• **How to complete this task**
Exactly as they appear below, repeat the lines from the one with "Описание: Мощное средство" through the one with "for daily operations!", and no others.

• **Supplied information**

Segment Open

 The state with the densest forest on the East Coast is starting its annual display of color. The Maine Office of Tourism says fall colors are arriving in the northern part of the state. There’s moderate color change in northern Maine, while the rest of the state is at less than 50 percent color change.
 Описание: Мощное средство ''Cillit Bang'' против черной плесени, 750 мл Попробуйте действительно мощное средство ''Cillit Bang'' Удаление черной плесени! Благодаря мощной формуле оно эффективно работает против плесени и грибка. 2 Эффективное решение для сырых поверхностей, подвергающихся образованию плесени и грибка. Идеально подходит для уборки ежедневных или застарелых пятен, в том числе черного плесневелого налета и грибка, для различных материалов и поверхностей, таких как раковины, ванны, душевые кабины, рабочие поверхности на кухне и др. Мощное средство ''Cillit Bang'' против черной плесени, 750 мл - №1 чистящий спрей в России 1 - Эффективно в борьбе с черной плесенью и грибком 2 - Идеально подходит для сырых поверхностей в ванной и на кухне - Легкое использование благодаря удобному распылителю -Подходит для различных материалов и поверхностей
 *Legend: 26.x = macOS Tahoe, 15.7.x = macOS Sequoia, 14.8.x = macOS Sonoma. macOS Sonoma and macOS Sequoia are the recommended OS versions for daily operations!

Segment Closed
Segment Open

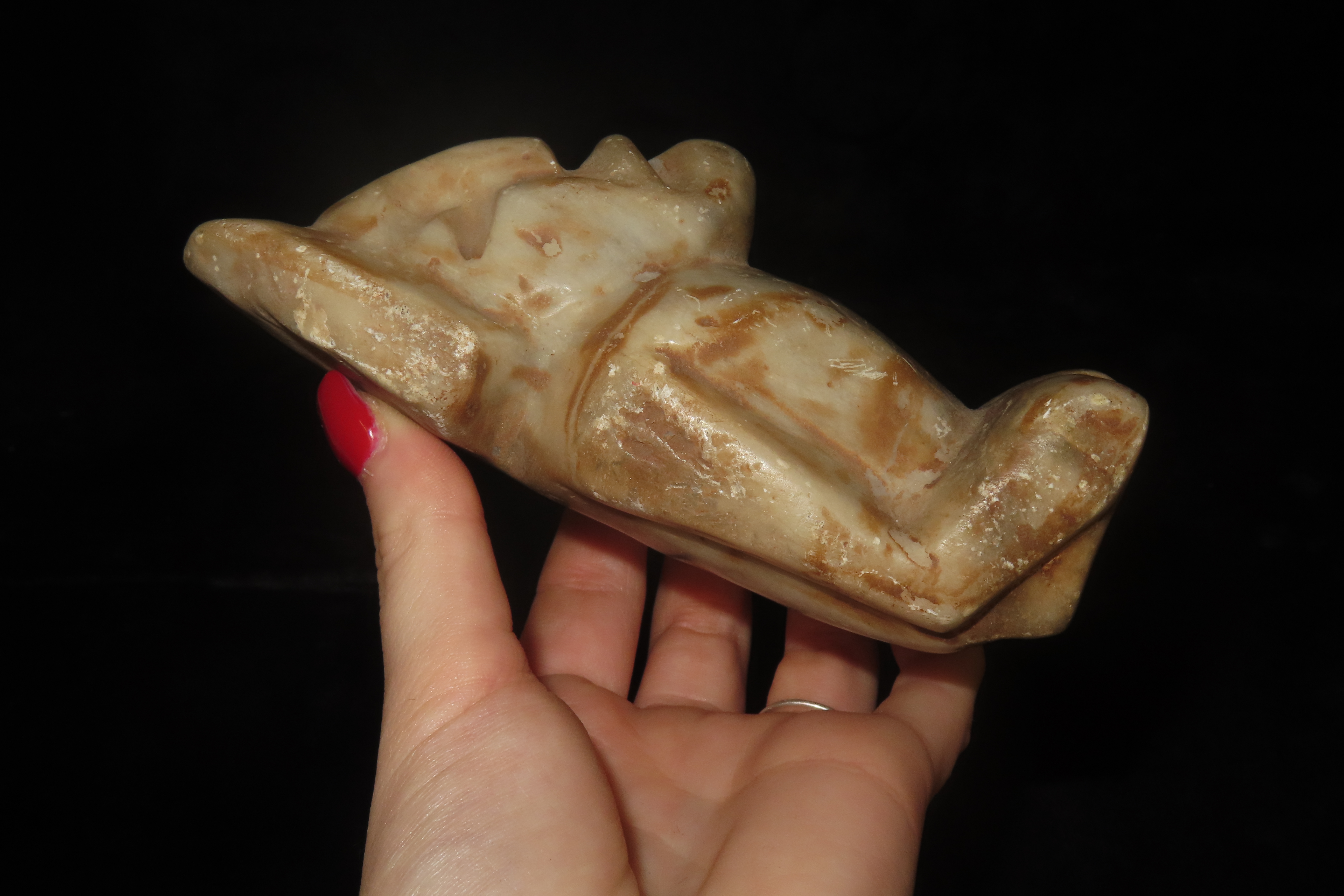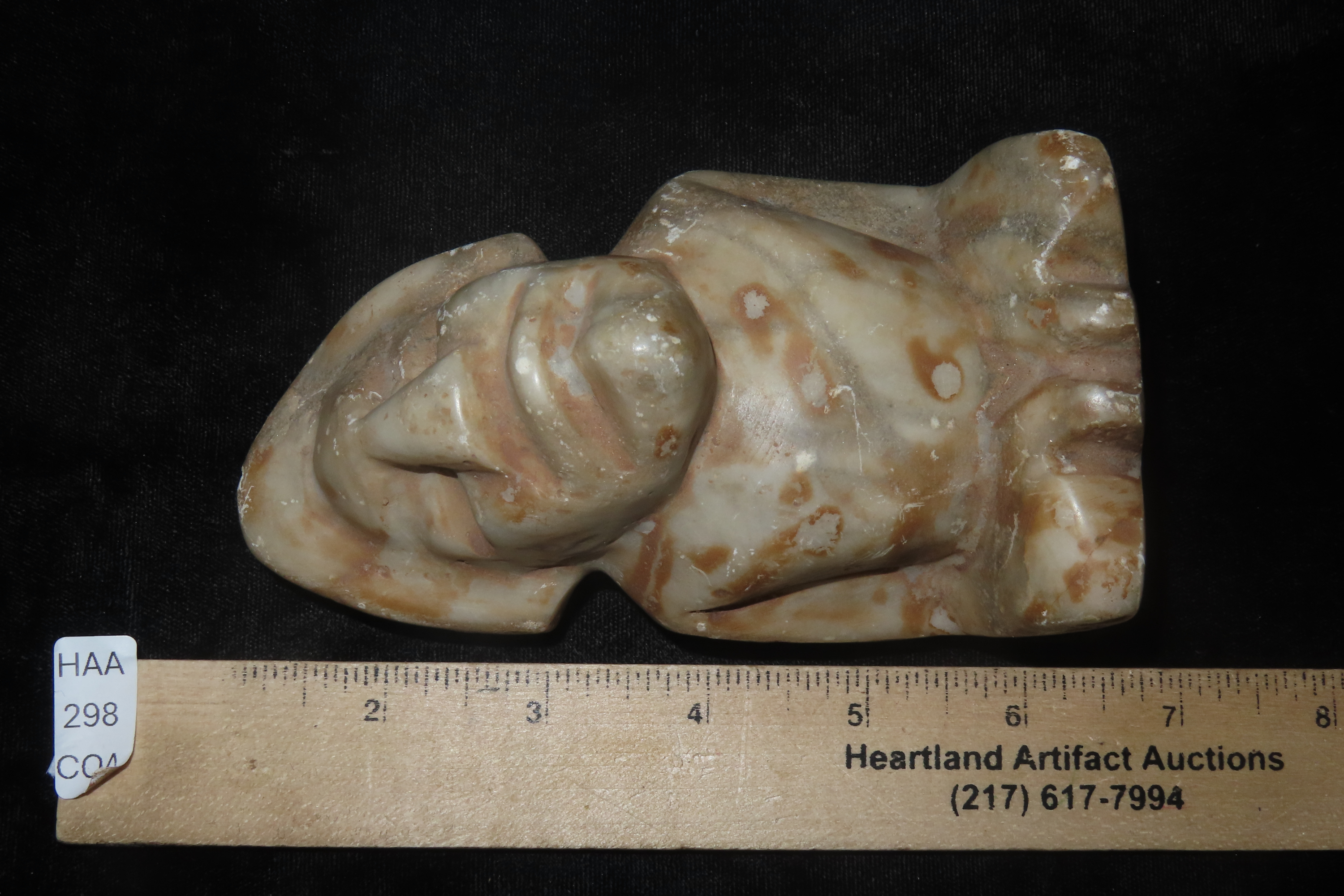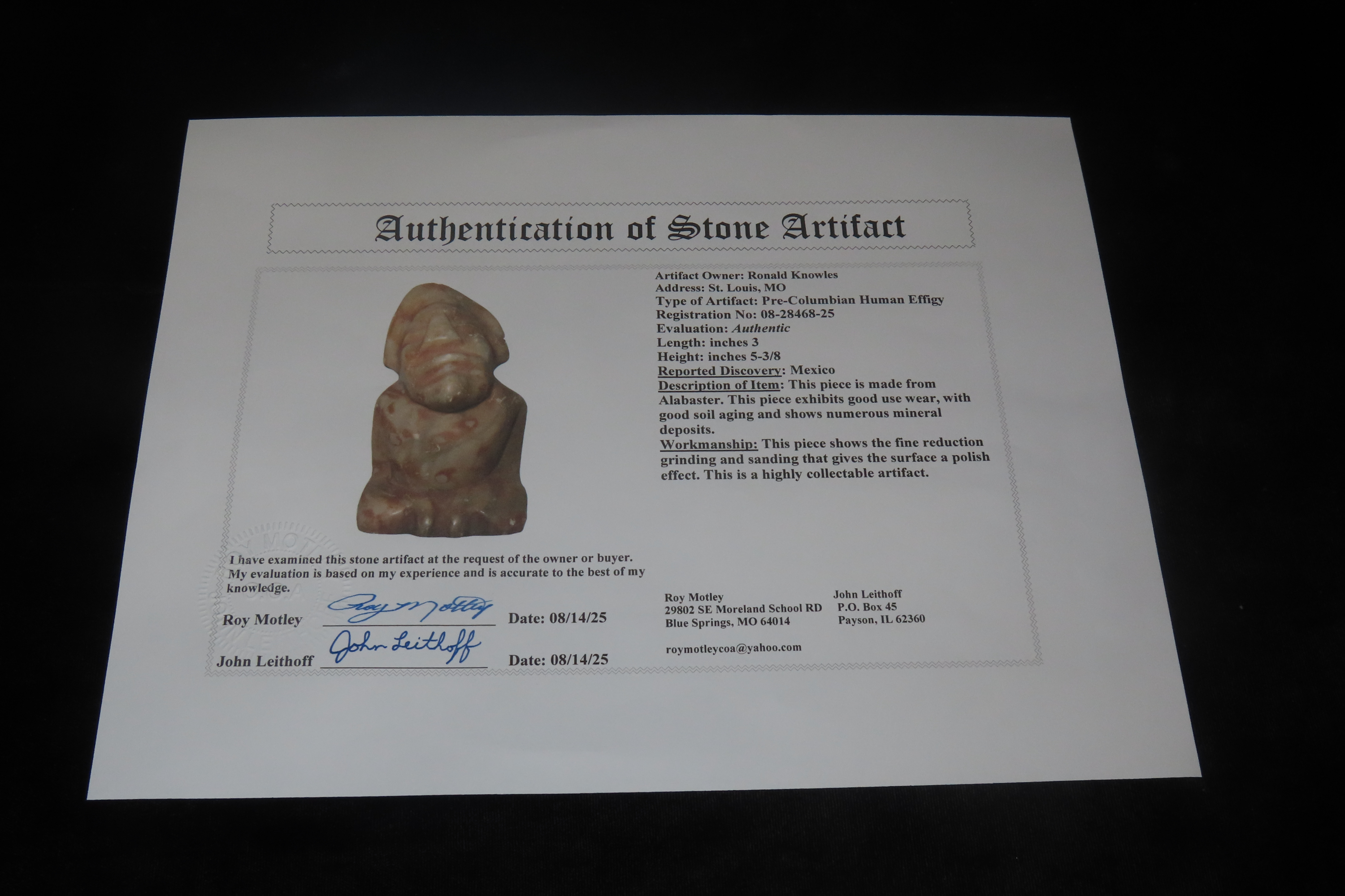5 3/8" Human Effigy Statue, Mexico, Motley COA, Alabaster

Segment Closed
Segment Open

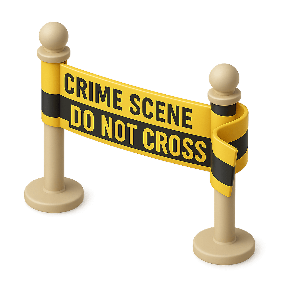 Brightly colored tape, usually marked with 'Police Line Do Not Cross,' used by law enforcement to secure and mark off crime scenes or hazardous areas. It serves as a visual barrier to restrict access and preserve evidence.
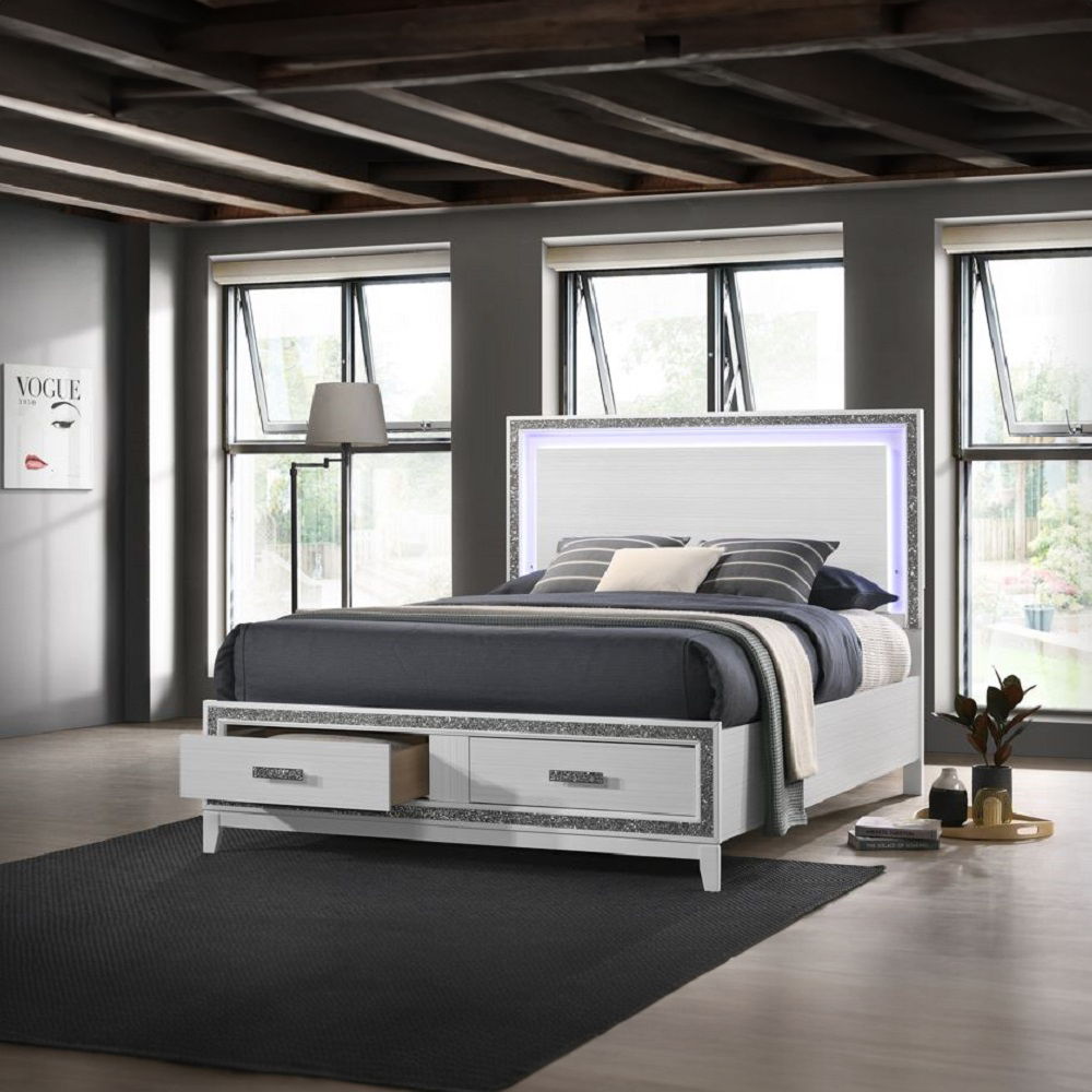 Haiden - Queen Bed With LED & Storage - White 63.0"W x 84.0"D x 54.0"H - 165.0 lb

Segment Closed

• **Task output**
 Описание: Мощное средство ''Cillit Bang'' против черной плесени, 750 мл Попробуйте действительно мощное средство ''Cillit Bang'' Удаление черной плесени! Благодаря мощной формуле оно эффективно работает против плесени и грибка. 2 Эффективное решение для сырых поверхностей, подвергающихся образованию плесени и грибка. Идеально подходит для уборки ежедневных или застарелых пятен, в том числе черного плесневелого налета и грибка, для различных материалов и поверхностей, таких как раковины, ванны, душевые кабины, рабочие поверхности на кухне и др. Мощное средство ''Cillit Bang'' против черной плесени, 750 мл - №1 чистящий спрей в России 1 - Эффективно в борьбе с черной плесенью и грибком 2 - Идеально подходит для сырых поверхностей в ванной и на кухне - Легкое использование благодаря удобному распылителю -Подходит для различных материалов и поверхностей
 *Legend: 26.x = macOS Tahoe, 15.7.x = macOS Sequoia, 14.8.x = macOS Sonoma. macOS Sonoma and macOS Sequoia are the recommended OS versions for daily operations!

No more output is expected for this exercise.